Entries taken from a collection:
Content starts

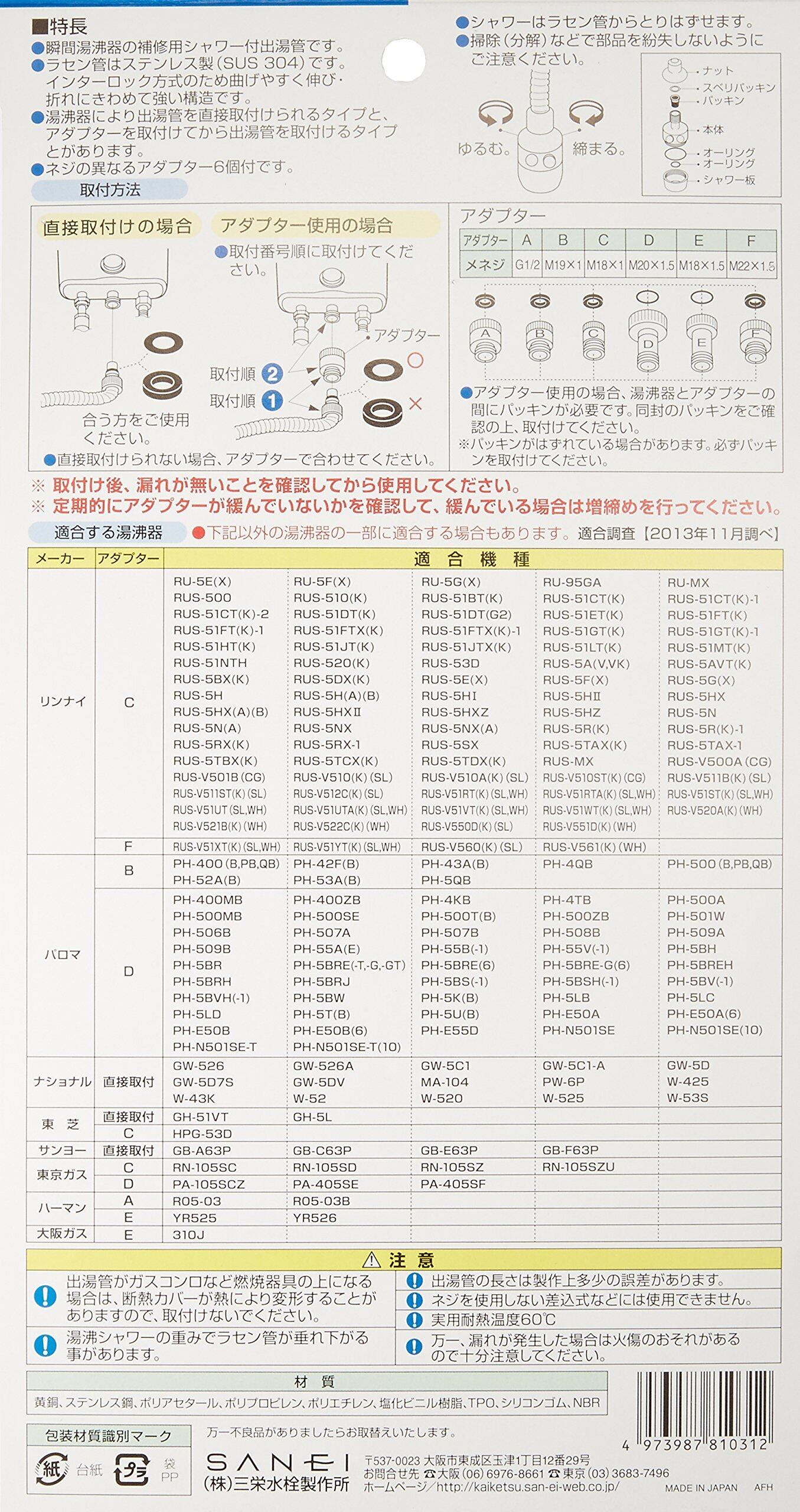 断熱カバー付のシャワー出湯管先端のシャワーでストレート・シャワー吐水に切替え可能長さ40cmアダプター付 ご注意(免責)>必ずお読みください ご注文後のキャンセルは対応できません。
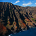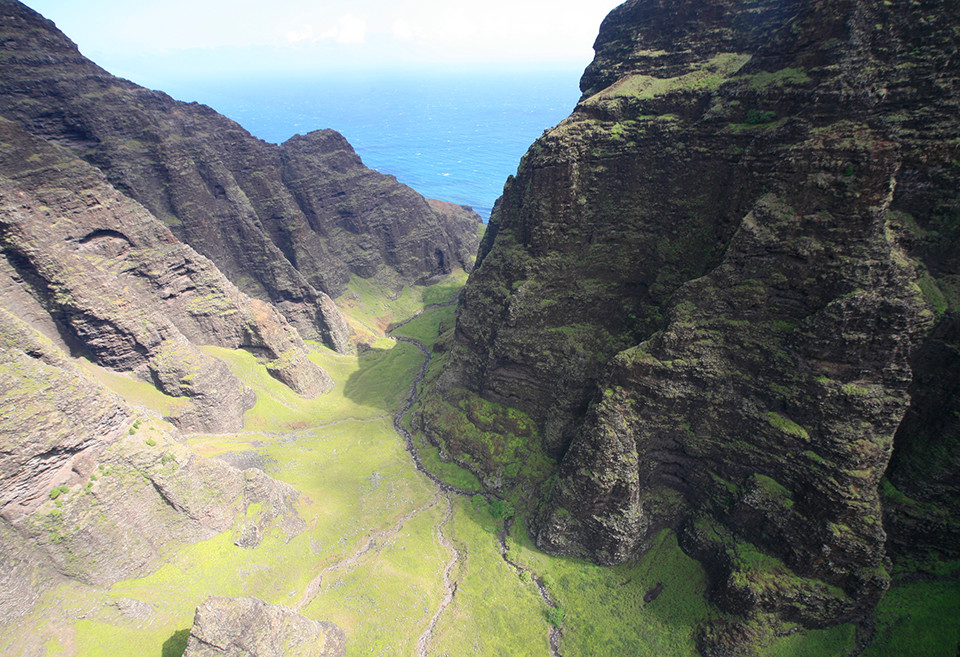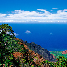 別名「ガーデン・アイランド」と呼ばれるカウアイ島には多くの川や滝が流れていて、その豊かな水に育まれた樹木が生い茂っています。切り立った断崖絶壁の岩肌も濃い緑で美しく飾られ、荒々しい崖の色、そして海の青のコントラスト。
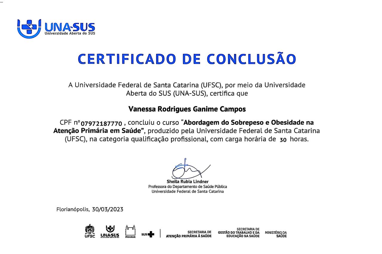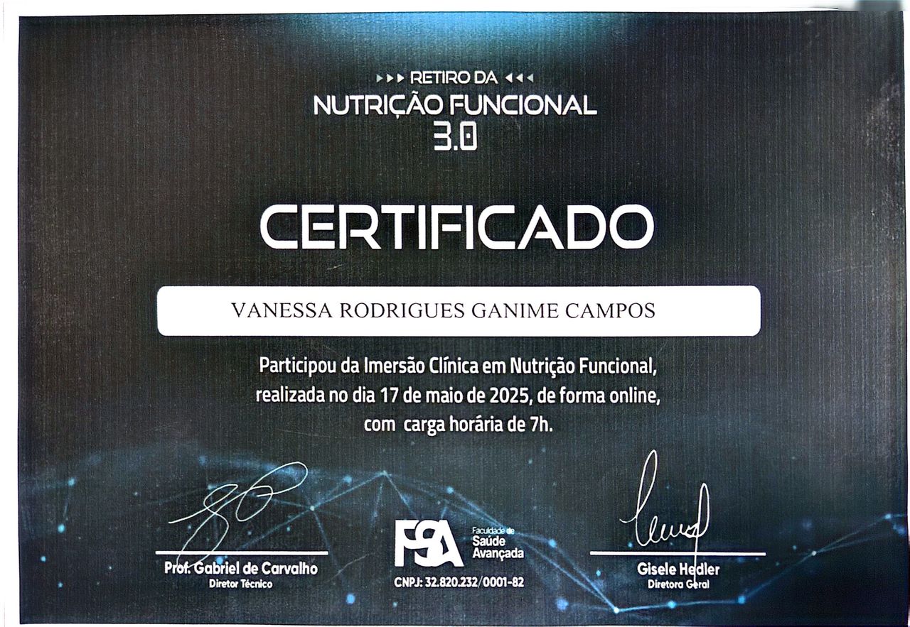 Bom dia só agradecer por tanto acolhimento na minha primeira consulta, saí do consultório com a certeza de que estou em excelentes mãos atenciosa, acolhedora, competência....Sou paciente oncológica e a nutricionista Vanessa foi uma das melhores escolhas que eu poderia ter feito. Total certeza de que terei excelentes resultados na minha saúde Gratidão
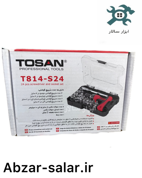 ست پیچگوشتی و بکس ۲۴ عددی TOSAN مدل T814-S24 – مجموعهای کاربردی و قابل حمل برای تعمیرات خانگی، صنعتی و تأسیساتی
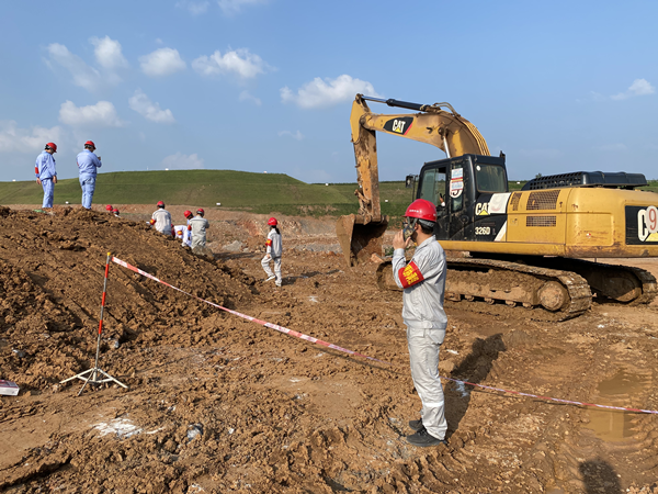 演練模擬礦山施工作業(yè)面35平臺進行爆破作業(yè),由于炮孔充填深度不夠,導致沖孔現(xiàn)象,產(chǎn)生飛石,現(xiàn)場管理人員在礦區(qū)北側警戒時,被爆破飛石砸中,導致腿部受傷,傷勢嚴重。總指揮在接到救援電話后,立即啟動三級應急預案,通知辦公室、各應急小組就位。礦山應急救援隊員攜帶專業(yè)救援裝備,駕駛應急救援車,拉警報,火速趕赴事故現(xiàn)場。到達現(xiàn)場后,立即判斷受傷人員傷情,及時救出并進行止血包扎、固定等簡單處理后由救援隊員用擔架抬上120救護車,并送往就近醫(yī)院救治。演練過程中各應急小組各司其職、協(xié)同作戰(zhàn)、反應迅速,整個演練過程在快速、緊張、有序的氛圍中進行,圓滿完成了各項預定任務。	   	  	  				此次放炮應急預案演練貼近實戰(zhàn)、分工明確、行動迅速、救援工作有條不紊地執(zhí)行。既督促企業(yè)落實安全主體責任,指導提高員工的安全隱患意識和管理能力,確保了黃槽坊礦山的整體安全,又達到了檢驗礦山應急救援小組的實戰(zhàn)和應對突發(fā)事件的應急處置能力的目的,更進一步檢驗了預案的可操作性和針對性,為今后突發(fā)生產(chǎn)安全事故下熟練完成救援任務打下了堅實的實戰(zhàn)基礎。

Content ends

Aim of the exercise:
Could you copy every record exactly, without the pictures?

Answer for the task:
 断熱カバー付のシャワー出湯管先端のシャワーでストレート・シャワー吐水に切替え可能長さ40cmアダプター付 ご注意(免責)>必ずお読みください ご注文後のキャンセルは対応できません。
 別名「ガーデン・アイランド」と呼ばれるカウアイ島には多くの川や滝が流れていて、その豊かな水に育まれた樹木が生い茂っています。切り立った断崖絶壁の岩肌も濃い緑で美しく飾られ、荒々しい崖の色、そして海の青のコントラスト。
 Bom dia só agradecer por tanto acolhimento na minha primeira consulta, saí do consultório com a certeza de que estou em excelentes mãos atenciosa, acolhedora, competência....Sou paciente oncológica e a nutricionista Vanessa foi uma das melhores escolhas que eu poderia ter feito. Total certeza de que terei excelentes resultados na minha saúde Gratidão
 ست پیچگوشتی و بکس ۲۴ عددی TOSAN مدل T814-S24 – مجموعهای کاربردی و قابل حمل برای تعمیرات خانگی، صنعتی و تأسیساتی
 演練模擬礦山施工作業(yè)面35平臺進行爆破作業(yè),由于炮孔充填深度不夠,導致沖孔現(xiàn)象,產(chǎn)生飛石,現(xiàn)場管理人員在礦區(qū)北側警戒時,被爆破飛石砸中,導致腿部受傷,傷勢嚴重。總指揮在接到救援電話后,立即啟動三級應急預案,通知辦公室、各應急小組就位。礦山應急救援隊員攜帶專業(yè)救援裝備,駕駛應急救援車,拉警報,火速趕赴事故現(xiàn)場。到達現(xiàn)場后,立即判斷受傷人員傷情,及時救出并進行止血包扎、固定等簡單處理后由救援隊員用擔架抬上120救護車,并送往就近醫(yī)院救治。演練過程中各應急小組各司其職、協(xié)同作戰(zhàn)、反應迅速,整個演練過程在快速、緊張、有序的氛圍中進行,圓滿完成了各項預定任務。	   	  	  				此次放炮應急預案演練貼近實戰(zhàn)、分工明確、行動迅速、救援工作有條不紊地執(zhí)行。既督促企業(yè)落實安全主體責任,指導提高員工的安全隱患意識和管理能力,確保了黃槽坊礦山的整體安全,又達到了檢驗礦山應急救援小組的實戰(zhàn)和應對突發(fā)事件的應急處置能力的目的,更進一步檢驗了預案的可操作性和針對性,為今后突發(fā)生產(chǎn)安全事故下熟練完成救援任務打下了堅實的實戰(zhàn)基礎。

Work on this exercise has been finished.